Don't confuse the calm acceptance of equanimity with resignation or indifference. The latter two are characterized by aversion to the way things are; then we feel stuck and unable to act. By contrast, equanimity is characterized by that "evenness of temper" from the dictionary definition—an open acceptance that's not a deterrent to action.

And so, with equanimity, I'm able to remain pro-active about my health, always looking for new treatments. But I try to start each day with where I am. I encourage you to do the same: "Start where you are," suffering and all. Then look around to see what life has to offer.

2. Regard the universal law of impermanence as a friend.

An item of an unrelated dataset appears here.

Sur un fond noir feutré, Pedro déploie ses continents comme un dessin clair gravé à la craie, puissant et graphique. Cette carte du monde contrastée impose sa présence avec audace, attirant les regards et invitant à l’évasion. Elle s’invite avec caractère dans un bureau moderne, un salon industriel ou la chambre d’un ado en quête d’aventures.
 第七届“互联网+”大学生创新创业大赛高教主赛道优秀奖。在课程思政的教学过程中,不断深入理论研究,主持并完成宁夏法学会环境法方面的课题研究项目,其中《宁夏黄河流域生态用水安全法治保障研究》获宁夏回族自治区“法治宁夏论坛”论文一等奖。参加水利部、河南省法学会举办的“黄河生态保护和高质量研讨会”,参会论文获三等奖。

When the going gets rough, seeing the ever-changing nature of life helps me maintain that "mental calmness and evenness of temper." I engage in what I call "weather practice," recognizing that physical symptoms, as well as stressful thoughts and emotions, are as changeable as the weather. They blow in and blow out like the wind.

I also like to think of physical symptoms and stressful thoughts or emotions as waves on the ocean of life. They rise and they fall. Instead of going rigid in the face of them, I try to calmly and steadily ride the ups and downs (a skill I learned from years as a surfer!).

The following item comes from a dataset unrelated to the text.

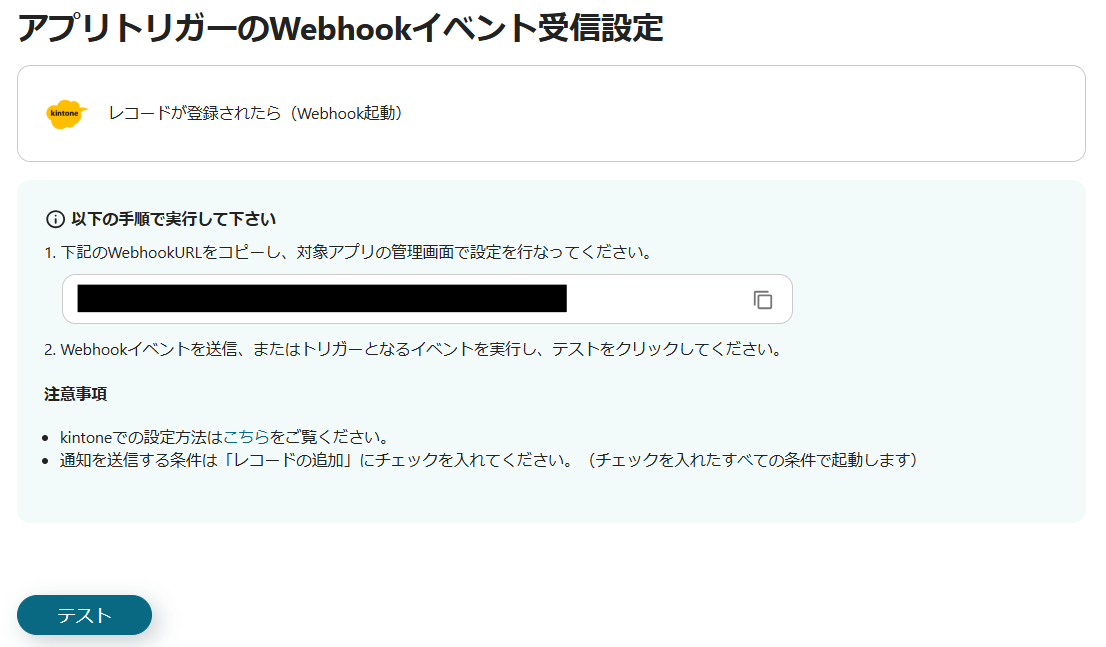 4.WebhookURLをkintoneに設定し、テストを行います。

Seeing clearly the ever-changing nature of life is a tremendous relief because it helps me not to identify with particular symptoms, thoughts, or emotions as all that I am. When I see that I am not just pain, I am not just frustration, I am not just sadness, it helps me calmly wait for things to change.

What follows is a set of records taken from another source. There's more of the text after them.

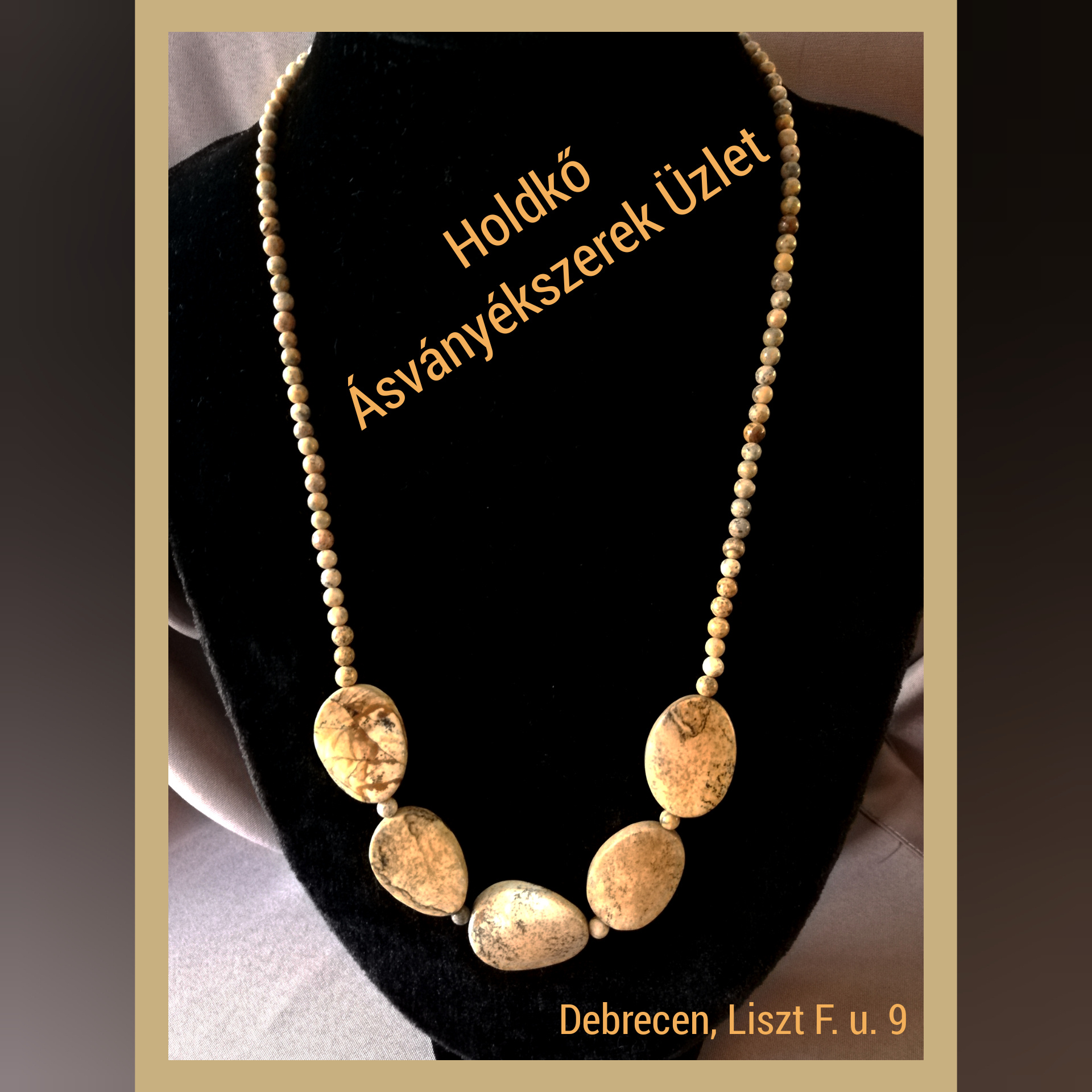 A lánc rész 4 mm-es képjáspis golyóból készült, középen 5 db 2,5 cm-es, ovális alakú képjáspis található. A nyaklánc hossza: 57 cm.
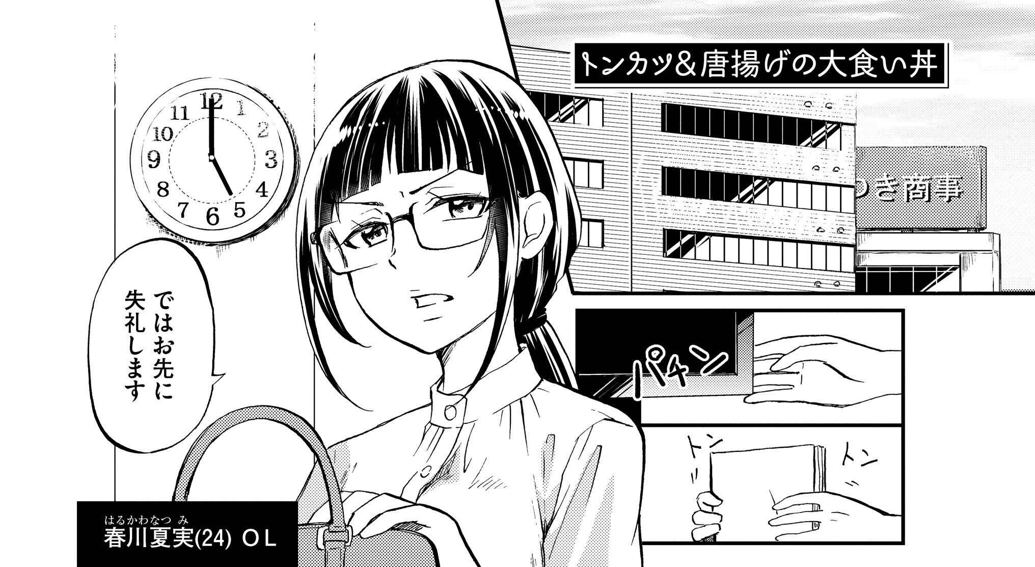 仕事はいつもキッチリ定時、遊びもしない、つねに眉間にシワありで、近寄りがたい雰囲気まんまんのOL・春川夏実。でも裏の姿は、食べ物を前にするとテンションだだ上がりの、規格外の大食い(&天然)女子だった!! 春川さんの気持ちいいほど豪快な食べっぷりと、そんな春川さんの一面を少しずつ知って、心ひかれていく同僚・芹沢くん。2人の関係は縮まりそうで縮まらない!?『春川さんは今日も飢えている』にて、不愛想で常識外れな大食いOLの食ラブコメディーをお楽しみください。
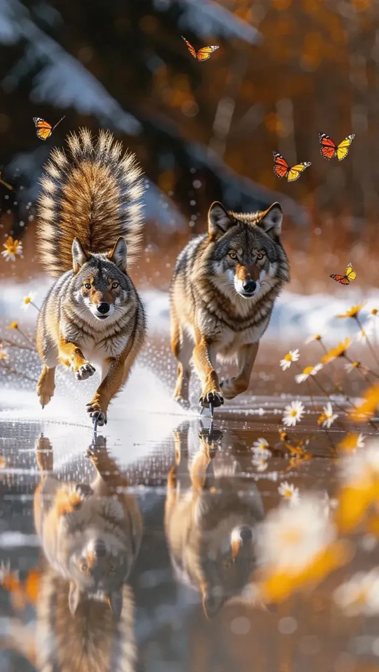 A thrilling speed skating competition on a shimmering frozen lake, showcasing a squirrel, wolf, and caribou. The squirrel’s rapid movements give it a head start, the wolf’s cunning keeps it in close pursuit, and the caribou’s strength helps it keep a steady rhythm. A flock of intrigued butterflies observes from the flowers, their flutters enhancing the atmosphere.
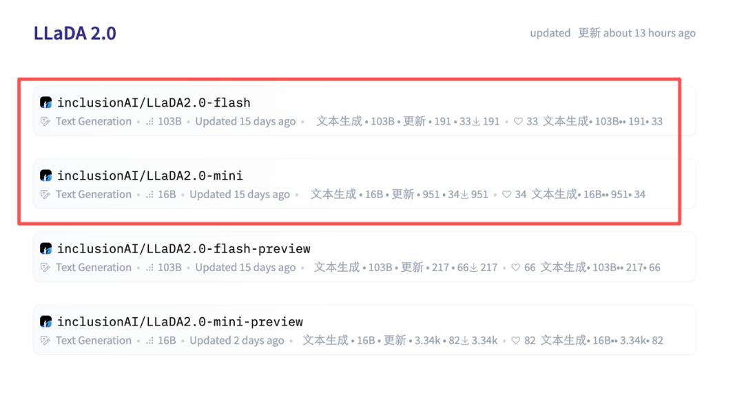 机器之心报道 编辑:杜伟、张倩 万万没想到,年初还是个小众方向的「扩散语言模型(dLLM)」,现在已经被扩展到千亿参数的规模了。 前段时间,我们在 HuggingFace 页面发现了两个新模型:LLaDA2.0-mini 和 LLaDA2.0-flash。它们 来自蚂蚁集团与人大、浙大、西湖大学组成的联合团队,都采用 了 MoE 架构。前者总参数量 为 16B,后者总参数量则高达 100B—— 在「扩散语言模型」这个领域,这是从未见过的规模。 更令人欣慰的是,模型变大了,也确实变强了:在涵盖知识、推理、编码、数学、智能体与对齐几大维度的 47 个基准测试中,LLaDA2.0-flash 平均得分 73.18, 与强 AR(自回归)模型 Qwen3-30B-A3B-Instruct-2507(73.60)持平 ,在编码(如 HumanEval、MBPP)、智能体(BFCL)等复杂任务上优势显著。 长期以来,自回归生成范式在大模型领域始终占据主导地位,这种从前到后依次生成下一个 token 的方法曾被寄予厚望。然而,其固有弊端也逐渐显现:长文本生 成的计算成本较高、推理速度较慢,且难以捕捉 token 之间的双向 ...

3. Be content to take baby steps in the direction of equanimity.

There's a quotation from the Thai forest monk Ajahn Chah that I'd committed to memory before I got sick. It's from his book A Still Forest Pool:

If you let go a little, you will have a little peace. If you let go a lot, you will have a lot of peace. If you let go completely, you will know complete peace and freedom. Your struggles with the world will have come to an end.

I use this "letting go" practice to help me cultivate the mental calmness and evenness of temper that are at the heart of equanimity. If I can't "let go" a lot, I let go a little. I can almost always nudge my mind a bit toward letting go of that longing for my life to be other than it is. And if I can't let go even a little, with compassion for myself, I "let it be" until that universal law of impermanence kicks in ... and things change so that I can let go a little. Each baby step makes it easier to take the next one.

Returning to Ajahn Chah's words: "Complete peace and freedom," to me, means not being dissatisfied in any way with the circumstances of my life—opening my heart to its joys and to my own suffering. Then I'd be happy and content regardless of my circumstances. (If I could do this 24/7, I'm quite certain that my "struggles with the world will have come to an end." On this score, I'm definitely a work in progress!)